Saturday, May 05, 2007

boring

a inclinação para o amor. nas mulheres
a inteligência, evidentemente.
a linguagem não permite verbalizar tudo.
a mim só a cumplicidade me afecta. a
paixão que sentem por nós. mais uma.
aborreço-me, já disse. acaba tudo no lixo,
não é verdade? acumulou-se o tédio e a
pressão. alguma coisa se perdeu no minucioso
processo. alguns filmes tiveram uma profunda
intenção amorosa. não foi enquanto a idolatrava,
juro. batem tão perto um do outro os corações.
dói-me a cabeça. cansa-me ter de telefonar.
como ser assimilado pela linguagem? como
viver sem a literatura? é criminoso. odeio
ter copos e pratos. há cura para os males
que nos afligem? palavreado. em silêncio, sim,
em silêncio. detesto fazer as malas, arrumar livros.
dissimulada, santa, escorraçada. não quero
mudar de casa, já disse. onde fica à espera

de sair o que não encontrou uma porta ou uma
janela? o tédio do passado. lê-se nos olhos das
pessoas. memórias que não me interessam. e no
sofá de coiro preto, lembras-te? é uma questão,
no entanto, de nos sentirmos mais ou menos
antecipadamente abandonados. entre nós
e quem nos ama não há nada a escolher. fica-se
só por acaso. estou farto. não se pode arriscar.
eu sempre escolhi a mulher que devia. forçosamente,
alguma coisa se deteriorou. garfos e facas. oiço
música se me apetecer. gosto de alguma pintura.
gosto de trabalhar. há uma semana que estou
constipado. ilusões, só ilusões. já não sei se
dependo do que me impede de pensar. a percepção
tem influência em mim. amam-nos, não nos veneram.

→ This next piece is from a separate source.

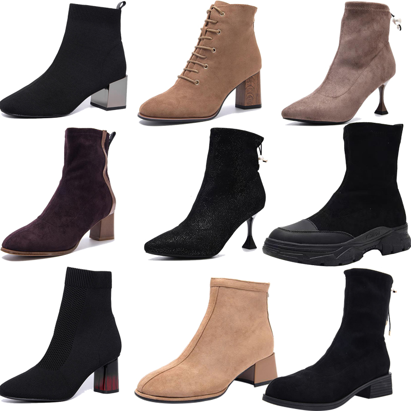 依思q简约优雅气质百搭短靴女时尚尖头细跟高跟鞋短筒靴子女

nunca a desprezei. desse modo, quero dizer.
dependo do futuro? das montanhas e dos rios?
não há solução. não tenho força para me abandonar.

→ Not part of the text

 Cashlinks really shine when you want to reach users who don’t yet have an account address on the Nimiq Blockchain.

ninguém ama ninguém. ninguém.
o amor é invisível.
o facto de vir a expirar o indizível,
transforma-o? o
peso da censura. o que é que me
fascina mais? o
telefone, ah o telefone, incessantemente.
onde
estaríamos neste momento se? os corações
a
amputar com uma faca. para cortarem a água, a

luz, o gás, sim, é isso. e para quê tanta canseira?
para quê ter
mesas, cadeiras, camas? para onde
vai o remorso?
pode dizer-se que temos saudades
do futuro?
pode quando muito adivinhar-se,
pressentir-se,
inventar-se. podia estar-me nas
tintas para tudo
o que me vai acontecendo. porque
é que me
incomodo a incomodar-me com tantas
perguntas?
porque é que não paro de fumar?
porque estou
sentado diante do computador a
escrever há
horas? porque não temos saudades
do futuro?
preciso de sair de casa. quando me
lembro
disso. há alguma coisa lá fora que se
possa
presenciar? estamos sós. reconstruction.
reconstruir sem parar. os buracos negros da
culpa. recordo algumas pessoas que foram
simpáticas comigo. no rosto pode sofrer-se
tudo isso. e nota-se. talvez. não a adorei sempre.

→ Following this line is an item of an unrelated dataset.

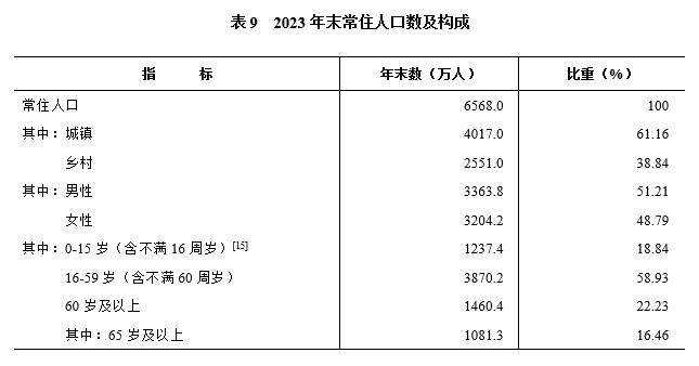 年末全省常住人口6568萬(wàn)人。其中,城鎮人口4017萬(wàn)人,城鎮化率61.16%,比上年末提高0.85個(gè)百分點(diǎn)。全年出生人口39.5萬(wàn)人,出生率6.00‰;死亡人口59.8萬(wàn)人,死亡率9.08‰;人口自然增長(cháng)率-3.08‰。0-15歲(含不滿(mǎn)16周歲)人口占常住人口的比重為18.84%,下降0.68個(gè)百分點(diǎn);16-59歲(含不滿(mǎn)60周歲)人口比重為58.93%,下降0.72個(gè)百分點(diǎn);60歲及以上人口比重為22.23%,提高1.39個(gè)百分點(diǎn)。

se eu não estivesse tão constipado. se eu não
fosse tímido, algumas hipóteses transformavam-se
em sucesso ou em fracasso. se eu soubesse, ah
se fosse possível. sei que sou amado. sem
terem, que eu saiba, razão particular para me
odiarem. ser feliz é ter falhado na vida, eu sei.
seria despropositado perceber o que se passa.
sim, sei e não sei tudo isso. só ela me conheceu,
penso eu de vez em quando. só me deixaram o
tédio como solução. a indiferença é enorme,
já se sabe. o que não se pode dizer. tantas
caixas de cartão para encher. tenho uma
pontaria afinada para escolher a mulher
que um dia deixará de me amar. todos os dias
penso no assunto. não é por falta de competência.
um amor inconfessável. e que nós temos de ignorar.
um dia. mas não me leva a desistir. uma catástrofe
abateu-se sobre a minha vida. veementemente,
ignorante ainda, espero pelo único acontecimento: o
amor. uma vez mais, a milésima. maldita gripe que. vou
cansar-me a pôr em ordem o que está desarrumado. whisky
em garrafas meias ou quase cheias. indícios e tanto pó.